The kicker is that the payback for a non-Mirandized arrestee, that the information obtained without benefit of warning, can’t be used in court, either directly or indirectly. It makes some bit of sense to allow a public safety exception to provide for, you know, public safety, as opposed to obtaining a confession to make a conviction quick and easy. Now it’s just a matter of quick and easy, no public safety necessary. Very effective in the war against terrorism. Not so effective in the war against the evisceration of constitutional rights.
But hey, they’re terrorists! They don’t deserve rights. Everything’s different now.
A comment to Cassell’s post captures the essence of what this is really all about, from our favorite Justice:
I’m reminded of Scalia’s (piquant!) dissent in MD v.
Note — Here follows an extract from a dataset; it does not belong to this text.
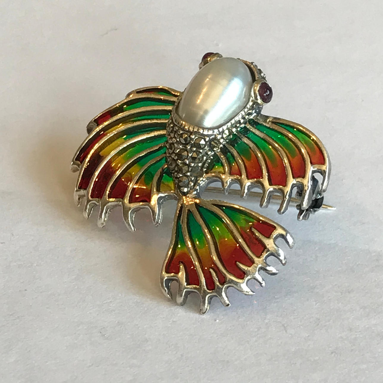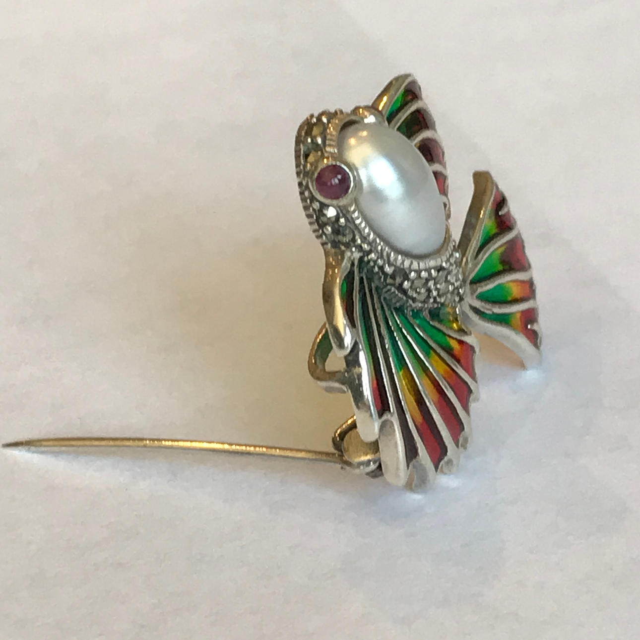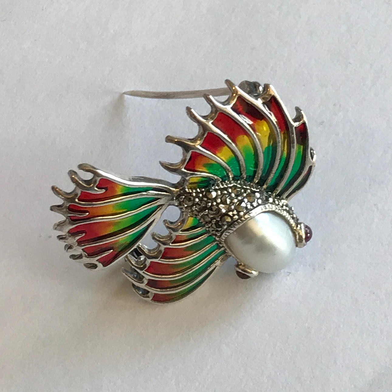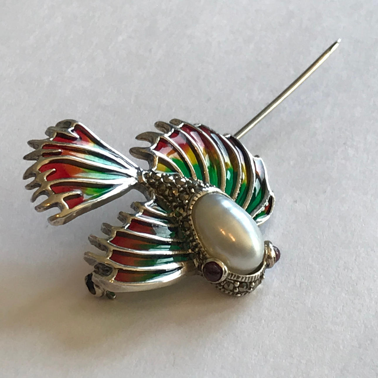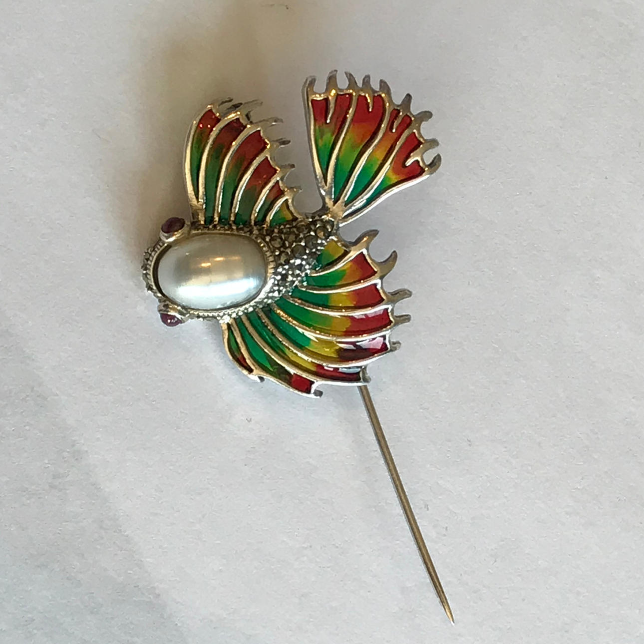 El cuerpo del pez está engastado con piedras de marcasita y las aletas están rellenas de plique a jour en colores rojo, amarillo y verde.
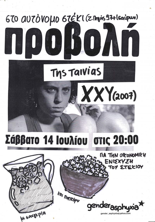 προβολή της ταινίας XXY, με ποπκορν και σαγκρία για την οικονομική ενίσχυση του στεκιού

Craig:
The State’s interest here is in fact no more and no less than what the State’s interest always is when it seeks to get a class of evidence admitted in criminal proceedings: more convictions of guilty defendants. That is not an unworthy interest, but it should not be dressed up as a humanitarian one.
Let’s get real. The Constitution, taken with all those nasty rights used to provide viability to its proscriptions, can really get in the way of effective law enforcement. Without this slavish compulsion to provide rights to bad people, imagine how much safer we could all be. Don’t you want to be safer? Don’t you trust law enforcement to do the right thing? Paul Cassell does.